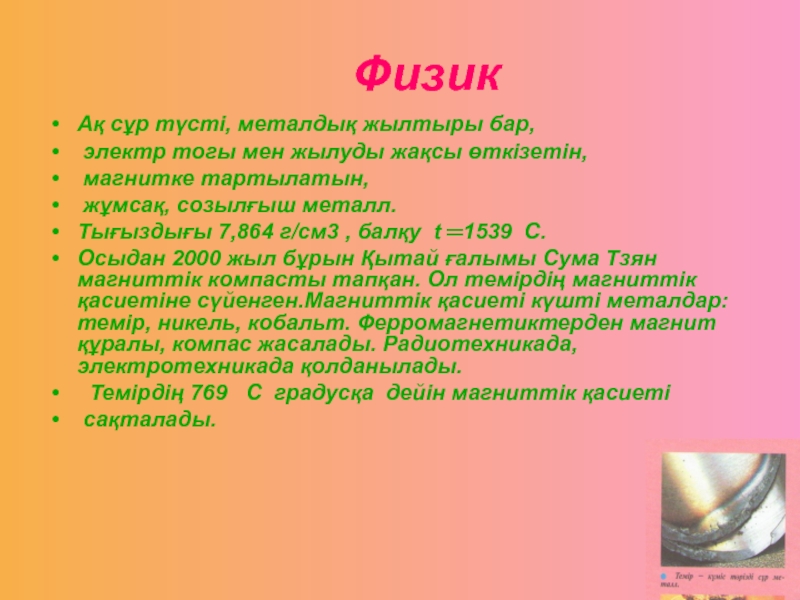 Тығыздығы 7,864 г/см3 , балқу t ═1539 С.
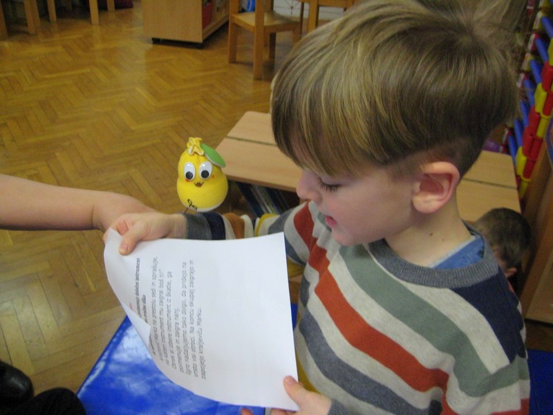 Naša Hruška Debeluška je prava zaspanka. Vsak ponedeljek nam v svoji glasbeni skrinjici pripravi zanimivo dejavnost, a kaj ko je takšna zaspanka, da jo moramo vedno prebujati. Kako? S pesmico seveda. Ker nekateri že znamo brati, sami preberemo kaj piše na njenem listu. Igramo se z ritmi na različne načine, razvijamo slušno pozornost in kraljeviču Marku igramo na željene instrumente.
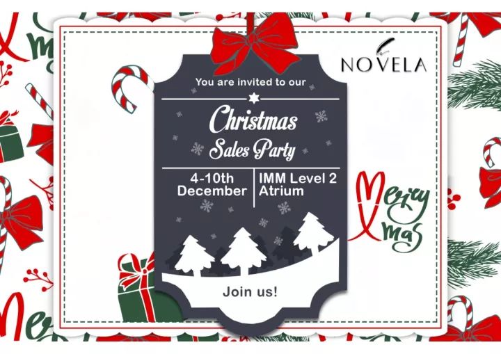 从今天开始到本周日,NOVELA@IMM每天10:30am-10:00pm在店外二楼中庭卖场举办圣诞特卖派对。全场大牌香水、护肤及彩妆低至2-5折,果真是年终囤货、挑选圣诞礼物的大好时机!
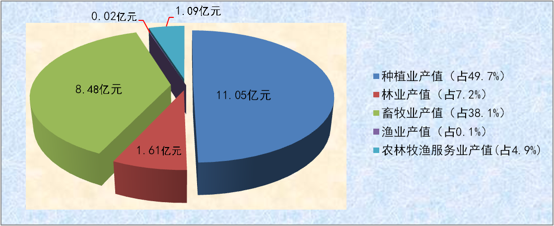2021年全县农林牧渔业总产值实现22.25亿元,同比增长7.4%。其中,种植业产值实现11.05亿元,同比增长9.6%;畜牧业产值实现8.48亿元,同比增长7.7%;林业产值实现1.61亿元,同比增长-0.5%;渔业产值实现0.02亿元,与上年持平;农林牧渔服务业产值实现1.09亿元,同比增长3.7%。(2021年全县农林牧渔业及服务业产值比重见图五)
****************************************
** AIM OF THE TASK **
All of the data above should be quoted exactly, except for the pictures.

** OUTPUT **
 Тығыздығы 7,864 г/см3 , балқу t ═1539 С.
 Naša Hruška Debeluška je prava zaspanka. Vsak ponedeljek nam v svoji glasbeni skrinjici pripravi zanimivo dejavnost, a kaj ko je takšna zaspanka, da jo moramo vedno prebujati. Kako? S pesmico seveda. Ker nekateri že znamo brati, sami preberemo kaj piše na njenem listu. Igramo se z ritmi na različne načine, razvijamo slušno pozornost in kraljeviču Marku igramo na željene instrumente.
 从今天开始到本周日,NOVELA@IMM每天10:30am-10:00pm在店外二楼中庭卖场举办圣诞特卖派对。全场大牌香水、护肤及彩妆低至2-5折,果真是年终囤货、挑选圣诞礼物的大好时机!
2021年全县农林牧渔业总产值实现22.25亿元,同比增长7.4%。其中,种植业产值实现11.05亿元,同比增长9.6%;畜牧业产值实现8.48亿元,同比增长7.7%;林业产值实现1.61亿元,同比增长-0.5%;渔业产值实现0.02亿元,与上年持平;农林牧渔服务业产值实现1.09亿元,同比增长3.7%。(2021年全县农林牧渔业及服务业产值比重见图五)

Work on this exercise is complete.